Jesus. He didn’t have a clue what he was supposed to say, how he could talk about this without sounding like a total douche. Sure, he’d had absentee parents—a father who cared more about screwing around with women half his age than he ever did about his family and a mother who cared more about status than she did about her husband screwing around on her—but through it all, Nic had always had a home. He always knew where he was going to be sleeping and what his routine would be like and whom he would see at school. And he’d always, always, had Marc. His brother might be a busybody with trust issues a mile wide, but he was a great big brother. He’d never once been anywhere but in Nic’s corner.

Who had been in Desi’s corner? he wondered as she put on the kettle for tea. Who’d had her back when she’d needed it most? The idea that there had been no one, that the woman he loved had essentially been on her own at the age of nine, wounded him on a visceral level.

“That’s why you kept the baby. So you’d have someone to love you.”
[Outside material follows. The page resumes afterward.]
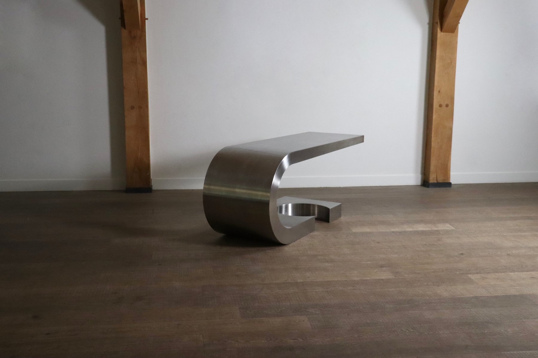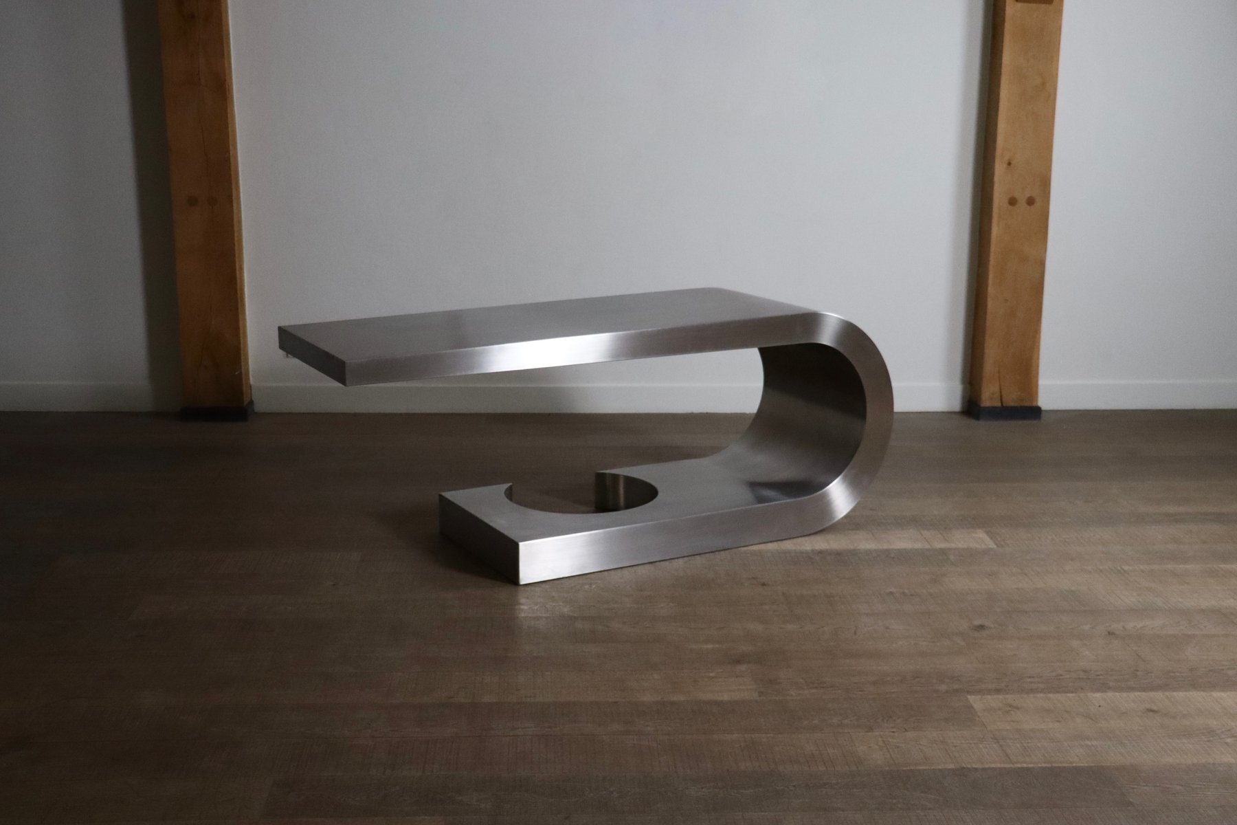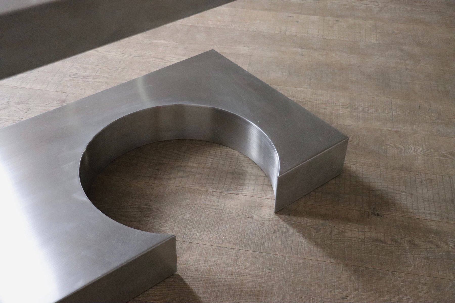 The Diapason Desk in stainless steel by Marzio Cecchi for Studio Most Firenze, 1970s. Its sleek design features a cantilevered tapering top with a curved edge, complemented by a unique circular cut-out base, ideal for comfortably resting your feet. The desk is constructed from thick stainless steel and fully enclosed, making it a striking piece of functional art.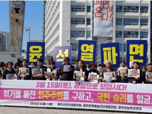 더불어민주당 소속 광주 지방의원들이 윤석열 대통령 석방과 관련해 즉시항고를 포기한 심우정 검찰총장의 사퇴를 촉구하고 나섰습..

“Maybe.” She shrugged as she put a tea bag in a cup. “I thought about having an abortion but I just…couldn’t. And I could never give him up for adoption. I’d go crazy wondering if he was okay, if he was with someone who loved him or if he was just—” Her voice broke, but she swallowed. Tried again. “Or if he was just being tolerated. I can’t stand the idea of him being anywhere he isn’t loved.”

Nic did cross to her then, did pull her into his arms and let his hands rest on her tummy. On their baby.